Our civilization has been exposed to various human essays in defining reality and our souls, our minds and our bodies have all suffered from these vain conceits. In the recent day, when it was popular to excuse all forms of brutality and ugliness as realistic literature or art, the blasé and coldly selfish children of this world forgot one simple fact, that the same Man who knew the "reality" of desertion, betrayal and a Cross also knew the reality of the lilies of the field and the birds of the air. Beauty is just as real as ugliness; and holiness, as sin. Only a religious man can know that the only reality—the only eternally abiding thing in the universe—is God, and knowing this, neither persecution, war, nor death is to be feared.
Thus, over against the background of the world today we see the reality of Almighty God. I venture to say that many who have lived carelessly, many who have thought little about the cultivation of the attributes of the spirit have in the last four weeks known, possibly for the first time, a yearning for the infinite God, His beauty and His peace. Over against the darkness of a benighted world men long again to see the star which heralded the coming of the Light of Life.
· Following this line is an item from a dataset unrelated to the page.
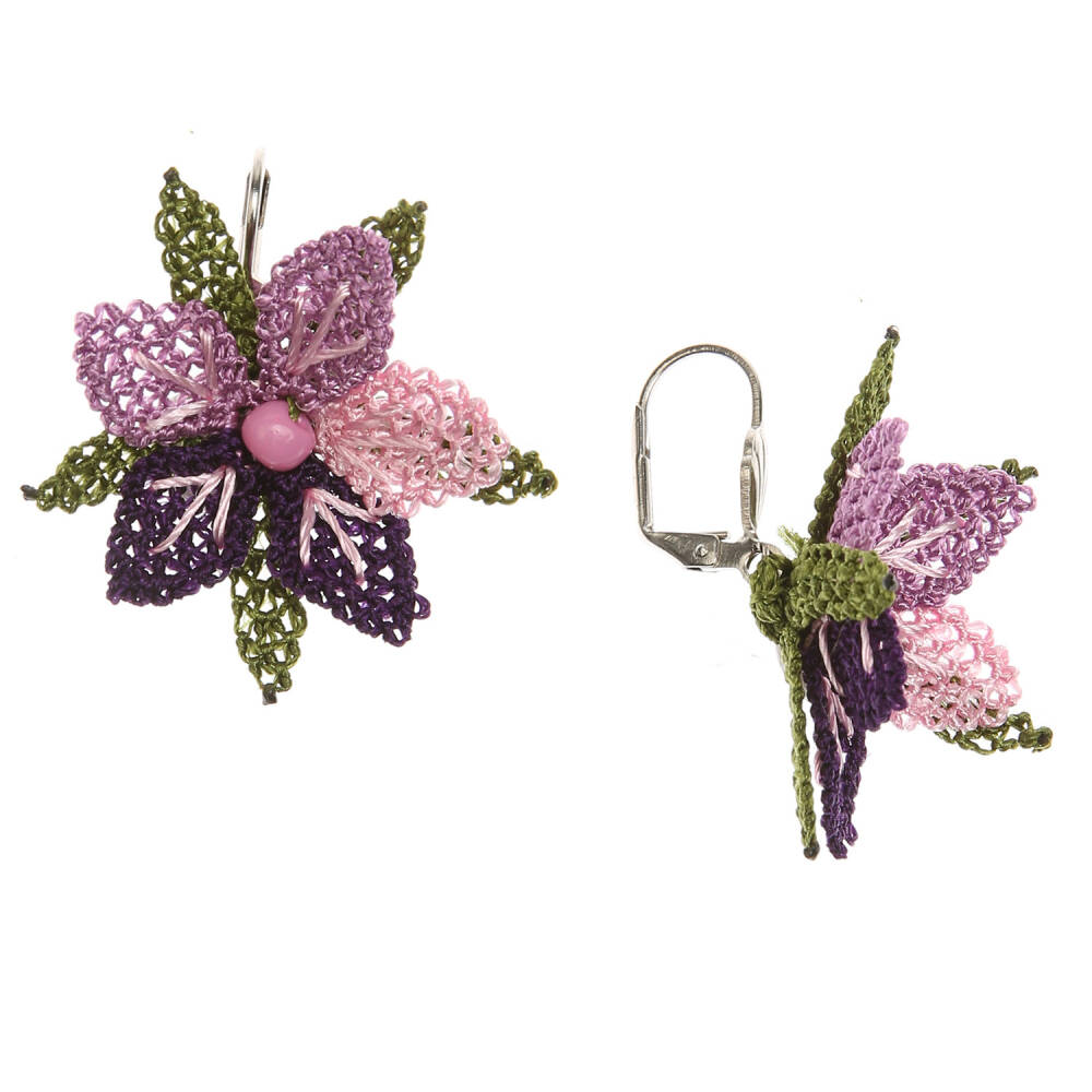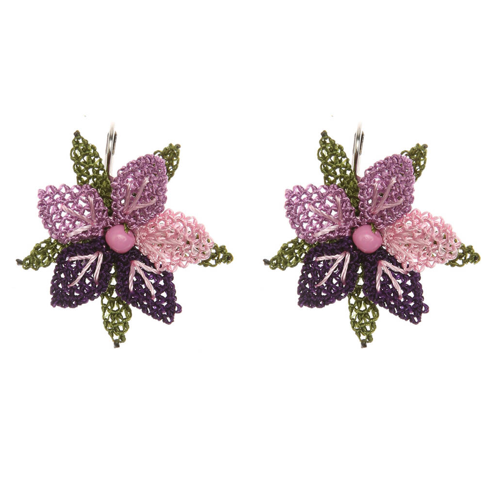Mini Çiçek Küpe Elişi İğne Oyası Cm Mor Lila takı aksesuar
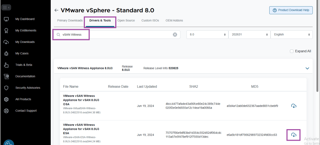 Step 1 – Download vSAN Witness Appliance OVA

To the thoughtless it may seem a mockery that the Holy Church should, day after day, bless her people with the "peace of God". The Church, however, is ancient and wise, and knows that the peace of God is an inner serenity given by Him to all who come in penitence and prayer. War is a transitory thing, a passing phase of this sorry world, but forever, yes for eternity, God's peace abides—nothing can obliterate that.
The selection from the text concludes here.